An operating system, at a basic level, is expected to isolate and manage the physical complexities of lower-level hardware resources. In turn, these complexities are organized into simplified logical abstractions and presented to higher-level entities as interfaces into the underlying resources. These marshalling and presentation activities take place in a secure and protected environment, often referred to as the “system-level,” and describe a minimal scope of practical operating system functionality. In graphical depictions however, most monolithic operating systems would be illustrated as a discrete container sandwiched between the local hardware resources below and application programs above. The operating system container would be filled with a robust compliment of services and functions to support as many potential needs as possible or practical. This full-featured collection of services would reside and execute at the system-level and support higher, “user-level” applications and services.

A distributed operating system, illustrated in a similar fashion, would be a container suggesting minimal operating system functionality and scope. This container would completely cover all disseminated hardware resources, defining the system-level. The container would extend across the system, supporting a layer of modular software components existing in the user-level. These software components supplement the distributed system with a configurable set of added services, usually integrated within the monolithic operating system (and the system-level). This division of minimal system-level function from additional user-level modular services provides a “separation of mechanism and policy.” Mechanism and policy can be simply interpreted as "how something is done" versus "why something is done," respectively. Achieving this separation allows for an exceptionally loosely coupled, flexible, and scalable distributed system.

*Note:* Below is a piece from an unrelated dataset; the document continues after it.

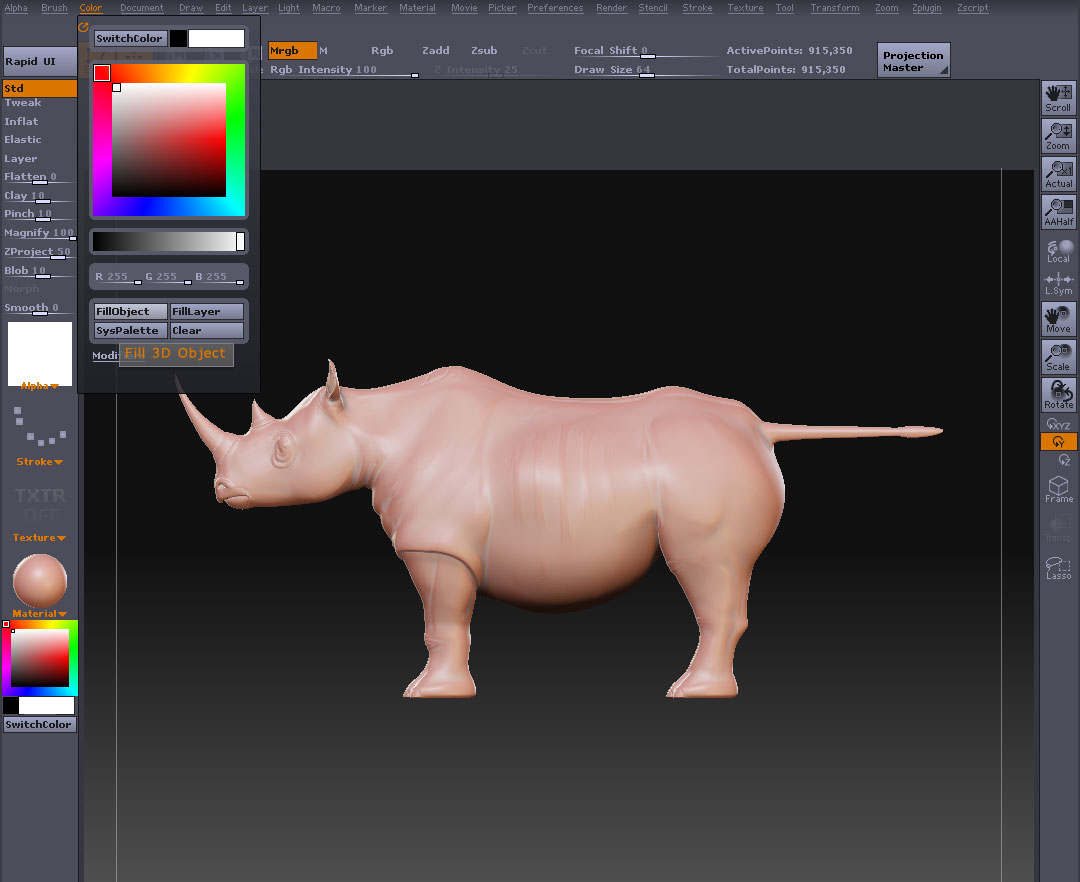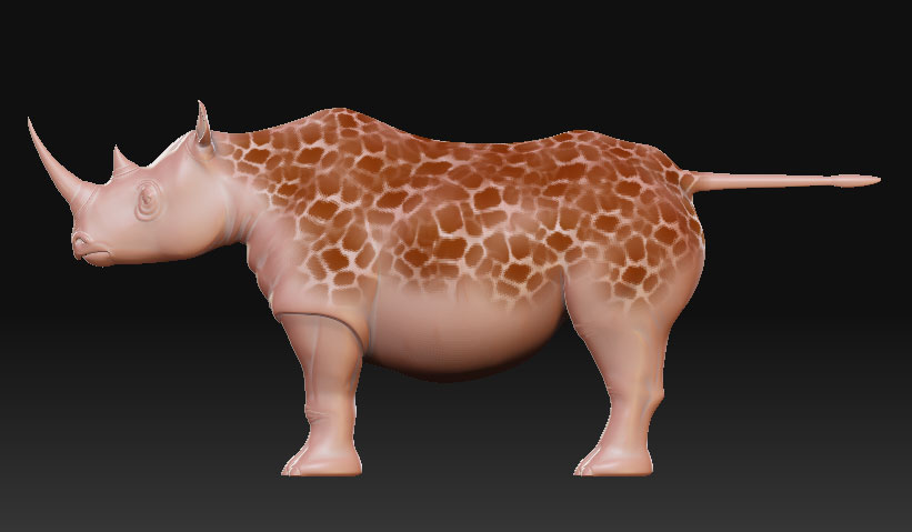 またあつみさんから良いこと教わってしまったw アルファはポリペイントにも使えるという話なのですが まずは起動画面の佐井くんをDevideしてSDiv4くらいに マテリアルをRS_Sculpy(なんでもいいよ)に変更し Zaddをオフにし Mrgbをオンにして Color->FillObject AlphaをBrush59とかにして、StrokeをDragRectに マウスをドラッグすればあっという間にきりんさん♪ ギザカワユス こんなのも遊びで作れるようになったぞV

Distributed computing models

The nature of distribution

The unique nature of the Distributed operating system is both subtle and complex. A distributed operating system’s hardware infrastructure elements are not centralized, that is the elements do not have a tight proximity to one another at a single ___location. A given distributed operating system’s structure elements could reside in various rooms within a building, or in various buildings around the world. This geographically spatial dissemination defines its decentralization; however, the distributed operating system is a distributed system, not simply decentralized.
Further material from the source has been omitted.